LinkedIn makes more UX changes by launching curated stories, Twitter gives Periscope additional monetization with pre-roll ads, and Instagram takes a new stand on fighting NSFW images in this week’s edition of Social You Should Know.

LinkedIn Launches Trending Storylines

Since Microsoft’s acquisition of the channel, LinkedIn has been making several changes to their paid content offerings, channel layout, and mobile user experience. This week they’ve released a curated content platform very similar to that of a Twitter Moment or Snapchat Discover. The Trending Storylines platform is displayed prominently as a new navigation option in the mobile app and shows users top stories as determined by their interests and contacts. Clicking on a trending storyline will show you articles being shared about that topic, as well as other users’ opinions on the topic, LinkedIn Influencers on that topic, and similar stories to follow.

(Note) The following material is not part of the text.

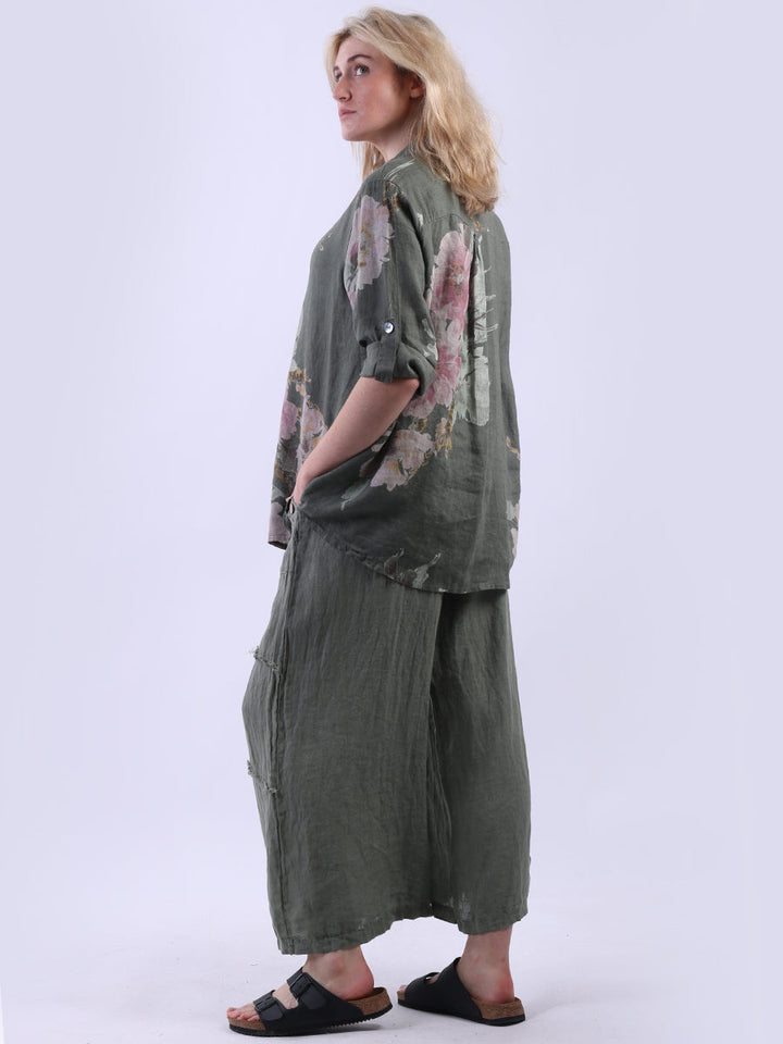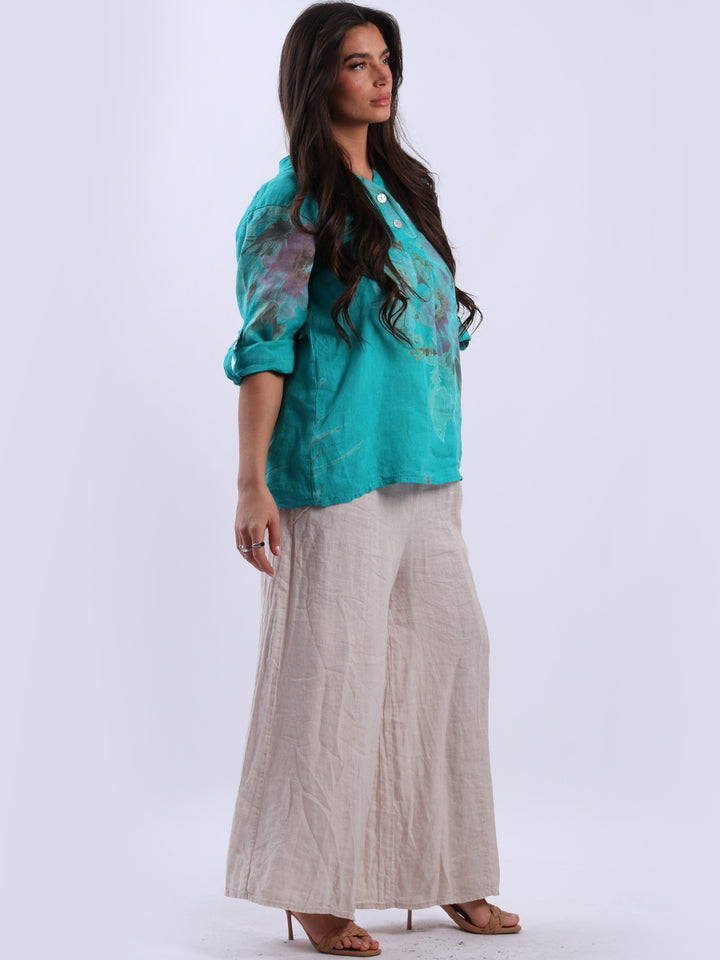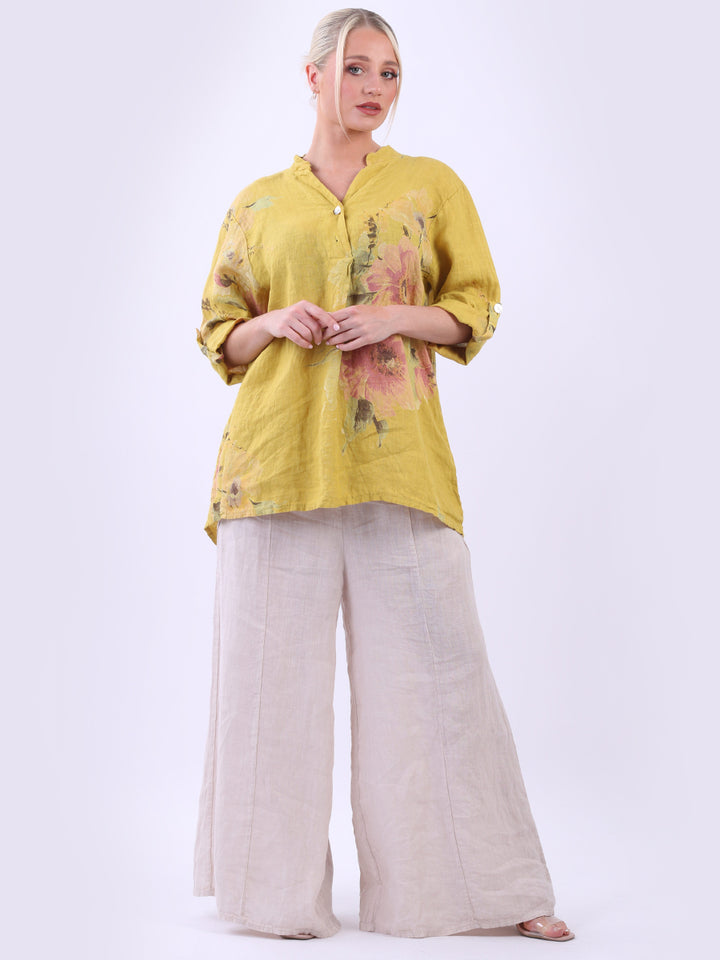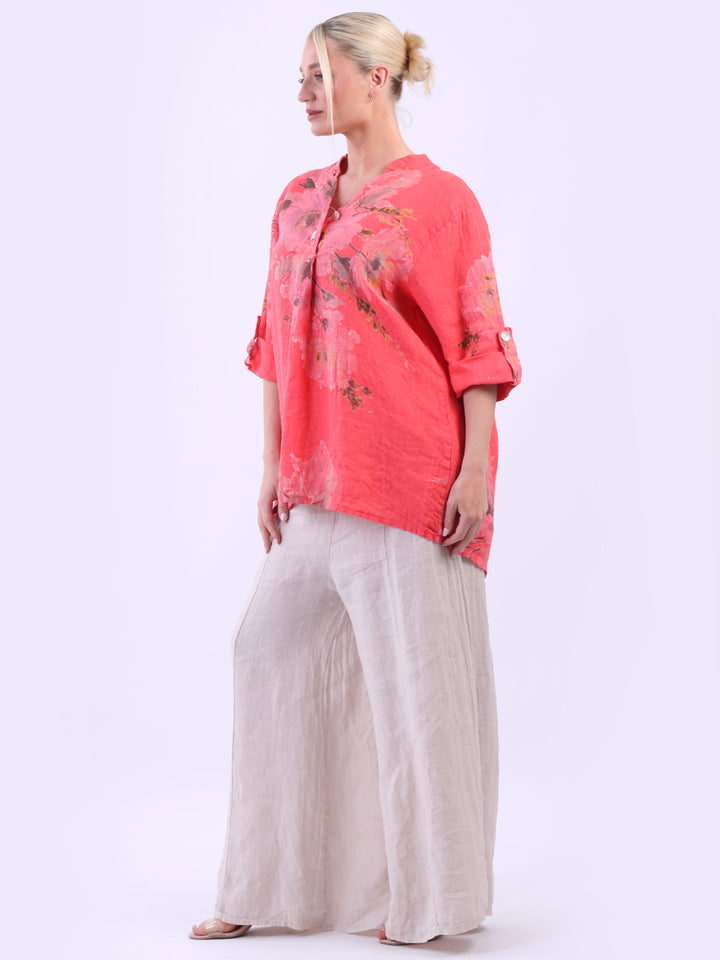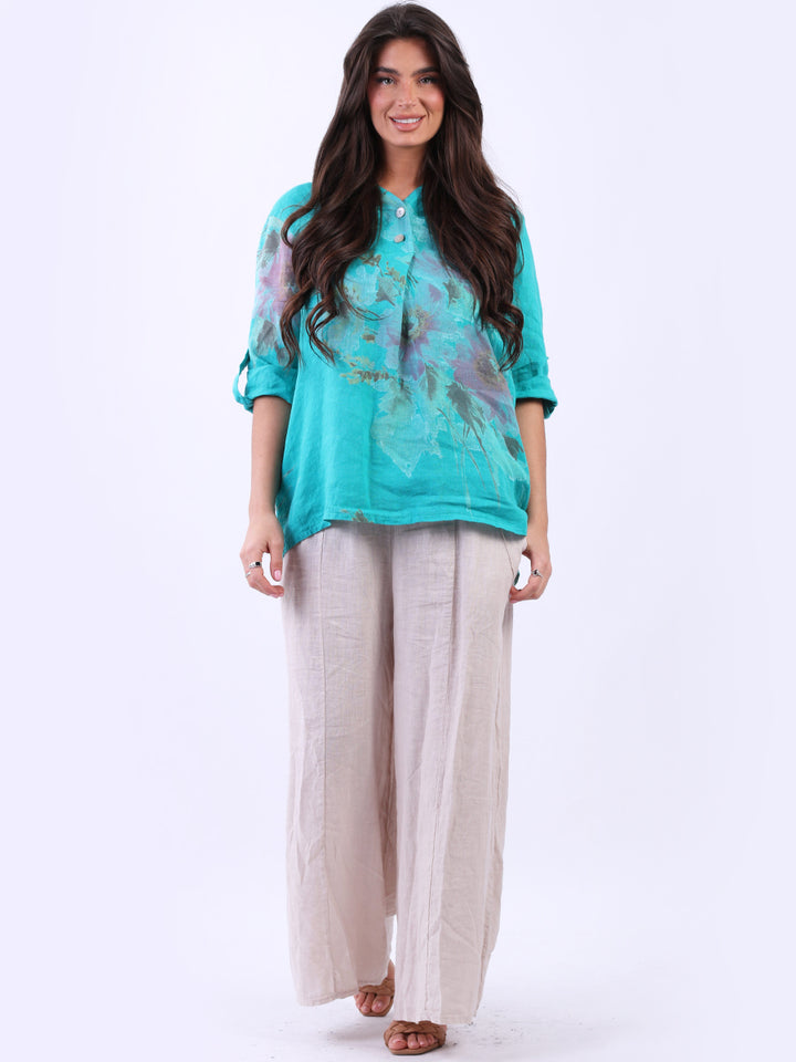 Attractive and ideal this classy looking fine linen top has all the right features that women wearers adore. Made in Italy with finest linen that is soft on skin and silk like the top has botanical fresh floral print, mandarin neckline with front button detailing, long rolled up sleeves and baggy plus size fit. Wear it as over all or as is with capri for chic finish

For a network that traditionally reported low channel engagement, this could be a game-changer for brands if users begin following this newly-available rabbit-hole of content.

Periscope Gains Pre-Roll Ads

We told you last week that Twitter is investing once again in the live-streaming network of Periscope. While last week they announced they’d make it easier for brands to add livestreams by opening up their API for broadcast, they’ve also decided to monetize those potential feeds. During an in-person announcement of the feature to several publishers, they even decided to stick it to YouTube a little by reiterating that these pre-roll ads will be “highly-controlled”. While they are available immediately to select partners, you’ll begin seeing pre-roll ads roll out more broadly in the next few months.

Instagram Takes Control of “Sensitive Content”

Instagram’s “policies” on nudity and sensitive content have long been debated and critiqued. There are entire Instagram communities (ironically, link may not be suitable for work) built on criticizing their removal of accounts who share content that could be seen as NSFW, while inexplicably leaving up other content that is definitely NSFW. In an apparent move forward, they’re adopting Facebook’s method of gating potentially inappropriate content with a “Sensitive Content” overlay. This puts the onus on users who may then click to see the photo, or just continue scrolling if they choose. While there are few implications for brands, I think this signifies an even stronger functional connection between some of the positive features of Facebook moving into their increasingly important Instagram network. Let’s just hope they don’t bring some of our least favorite features [cough…fan reach…cough]. They also released some additional security features, such as two-factor authentication, that may keep brand pages safe from hackers.